The ‘dataset’ type and definition were introduced to support business requirements for the ANDS Registry. To ensure consistency and continuity, this type and definition, also remain unchanged.
The final three collection types listed below have been recently approved by the RAB to support the business requirements of ANDS and other users of RIF-CS. They will be implemented with version 0.1.7 of the schema.
Explanatory text and examples have been provided for all collection types, noting that exemplar records in RDA do not yet exist for all types, in particular, the three newly approved types. The information provided here is intended to assist providers to answer the question “which collection type should I choose?”
Collection types and definitions
- catalogueOrIndex: collection of resource descriptions describing the content of one or more repositories or collective works
- collection: compiled content created as separate and independent works and assembled into a collective whole for distribution and use
- registry: collection of registry objects compiled to support the business of a given community
- repository: collection of physical or digital objects compiled for information and documentation purposes and/or for storage and safekeeping[RG(WC1]
- dataset: collection of physical or digital objects generated by research activities
- software: one or more items that collectively represent a software product; including computer instructions (ranging in format from machine code to high-level programming languages); and associated non-executable items such as documentation.

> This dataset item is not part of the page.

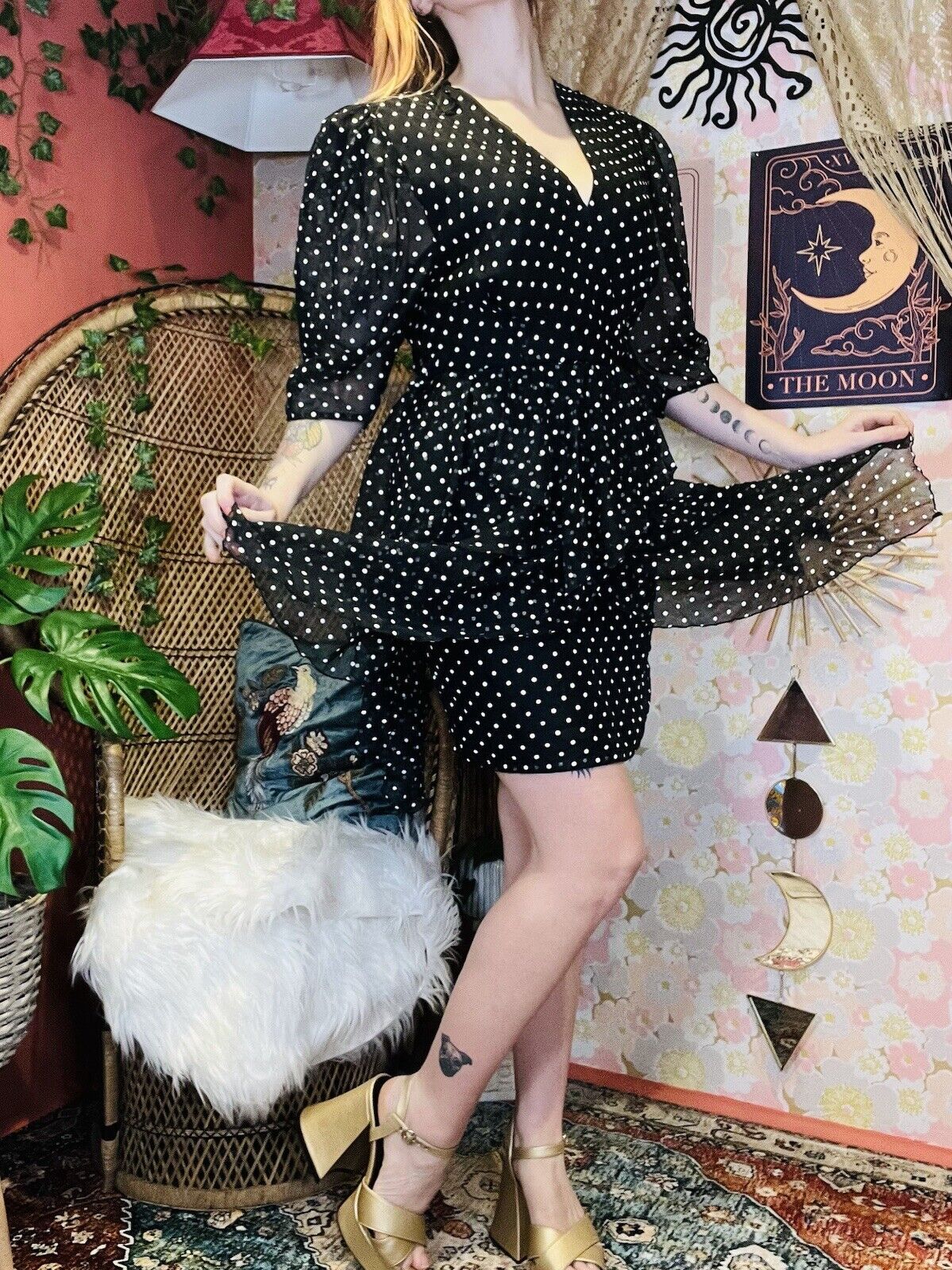 Vintage 1980s Polcadot Dress By Yessica Retro Floaty Assymetric Design Black 8

- classificationScheme: a list or arrangement of terms used in a particular context eg. ontologies, thesauri
- publication: scholarly material consisting mainly of written text eg journal publications, book chapters
Definitions with explanatory text and examples
catalogueOrIndex: a collection of resource descriptions describing the content of one or more repositories or collective works
This type should be used to describe the content of one or more repositories or collective works usually associated with an institution or subject discipline. A catalogue or index may be local, regional, national or international. Usually it will consist solely of resource descriptions but it may also contain full-text indexes to the digital content that it describes.
An example of this type is:
World Bank Data Catalog: a listing of available World Bank datasets, including databases, pre-formatted tables, reports, and other resources.
Catalogues and indexes may themselves be described in a registry.
collection: compiled content created as separate and independent works and assembled into a collective whole for distribution and use
This type should be used to describe a collection of objects, grouped according to a shared criteria, which are stored and managed as a collective group. This may be a collection of similar object types with a common theme such as a collection of music audio files. See for example in Research Data Australia:
Shanghai Ancient Music Ensemble performing Tang Music reconstructions: a collection of recordings of the Shanghai Ancient Music Ensemble.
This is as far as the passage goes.